With respect to clustering algorithms, it is essential that the number of resulting groups has not to be specified in advance. Moreover, algorithms are preferred that allow outliers instead of forcing all elements to be part of a cluster. Outliers may be particularly interesting and thus serve as a starting point for further investigation. Of course, they may also indicate a bad quality of some data. In our experiments, density-based clustering with DBSCAN Ester:1996 produced plausible results when applied to non-image data of the SHIP study. The DBSCAN result is sensitive to the minPoints parameter that determines the minimum size of a cluster. Some cycles of clustering are necessary to make a suitable choice. In this process, an appropriate visualization is essential to easily understand the results. A visualization that conveys the location, size and shape of clusters is difficult in case that clustering is applied to more than two-dimensional data.
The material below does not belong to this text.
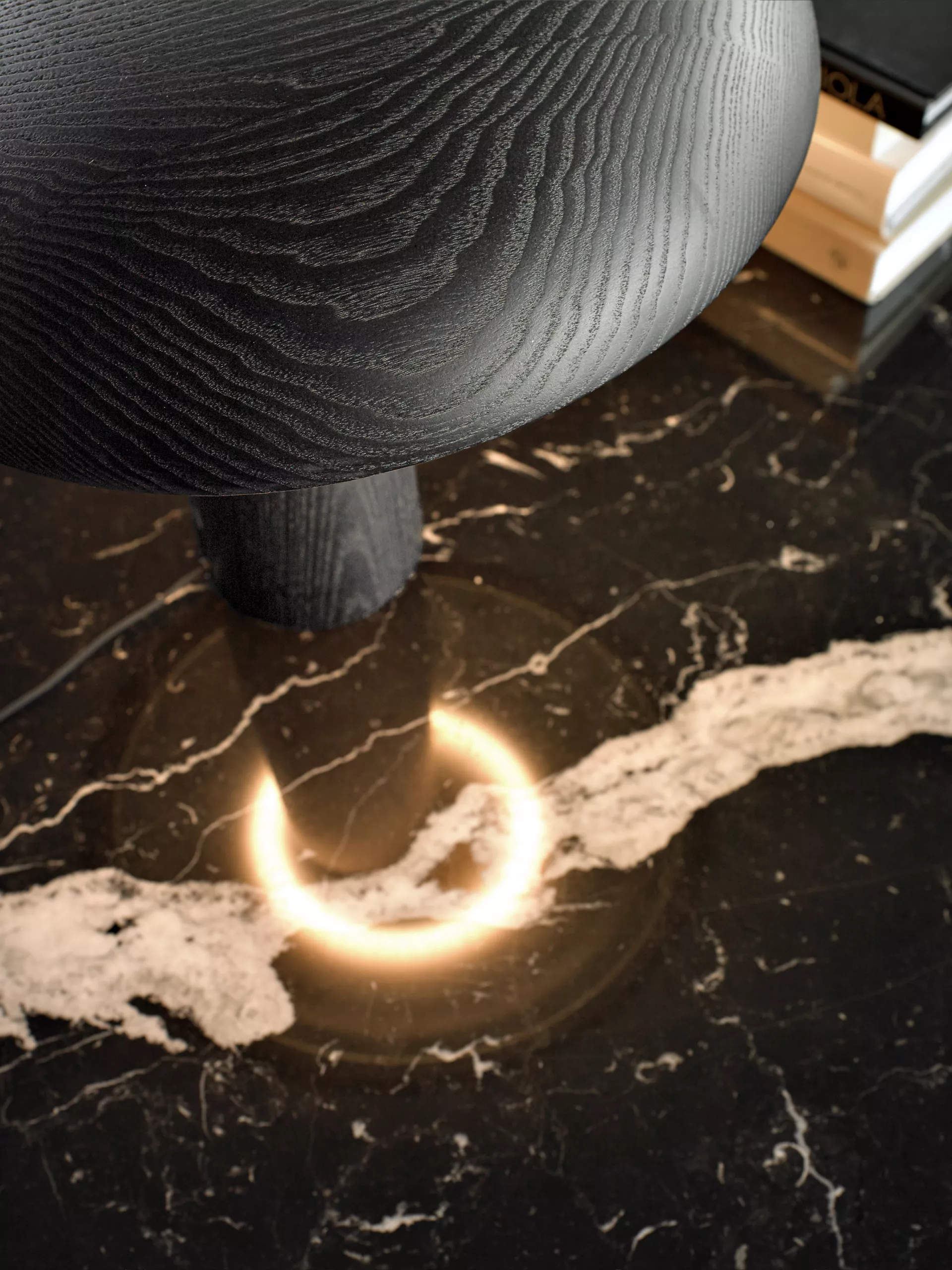 With his Forma design, Christian Haas interprets the 1940s/50s archetype of a classic desk lamp in solid wood. He reduced the original shape without trivialising it and thus created an unmistakable silhouette: the asymmetry of the base and the domed shade of glued solid wood stripes, make the design appear to have grown organically. The inherent warmth and sensuousness of the naturally grown material of which Forma is made, ash or walnut wood, lends the new luminaire its homely character. An almost invisible push button in the base guarantees easy operation. The large, slightly inclined shade with a satinised diffuser panel and a dimmable warm white LED ring provides pleasant, glare-free light. Forma is versatile and cuts a fine figure on a desk as well as on a sideboard, shelf or bedside table.

A recently developed approach enables 3D visualizations of clustering results with very low levels of occlusion Glasser_2014_GRAPP .
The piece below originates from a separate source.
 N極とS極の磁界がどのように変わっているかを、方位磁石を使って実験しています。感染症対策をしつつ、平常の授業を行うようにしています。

The majority of cohort-studies are restricted to non-image data, i.e., categorical and scalar data, which may directly serve as input for a clustering algorithm. In Axen2011 , 176 patients with lower back pain have been monitored over six months via text messages describing their bothersomeness. All patients received chiropractic treatment. A hierarchical clustering of the individual temporal courses of bothersomeness revealed groups of patients who responded differently to the therapy, which may improve the optimal individual treatment selection. Hypotheses about the differences between paternal age-related schizophrenia (PARS) and other cases of schizophrenia were generated in Lee2011
. A k-means clustering of demographic variables, symptoms, cognitive tests and olfaction for 136 subjects (34 with PARS) delivered clusters containing a high concentration of PARS cases. Significant characteristics of these clusters may give a hint on features of PARS improving its dissociation of other cases of schizophrenia.
In analyzing image-centric cohort study data, besides categorical and scalar data, images may be clustered for group definition. Image intensities, segmentation results, e.g., the surface of the segmented liver or the centerline of the spinal canal (recall Section 4.3) and derived information, e.g., liver tissue texture, liver volume and spinal canal centerline geometry, may serve as input. In Seiler2012 , the anatomical variation of the mandibles is assessed across a population. For treating mandible fractures, subjects with similar characteristics are grouped in clusters and a suitable implant is designed per cluster. The clustering algorithm k-means is applied to transformation parameters of a locally affine registration between all mandible surfaces segmented in CT data. A cohort of 50 patients with suspicious breast lesions was investigated by means of dynamic contrast enhanced MRI (DCE-MRI) in Preim2012 . Each lesion was clustered according to its perfusion characteristics by means of a region merging approach. Perfusion is represented by the temporal course of the DCE-MRI signal intensities. The clustering itself did not generate groups of patients here, but based on each individual number of clusters and their perfusion characteristics, two groups of lesions could be defined: benign and malignant. These groups were then compared to histological results from core needle biopsy.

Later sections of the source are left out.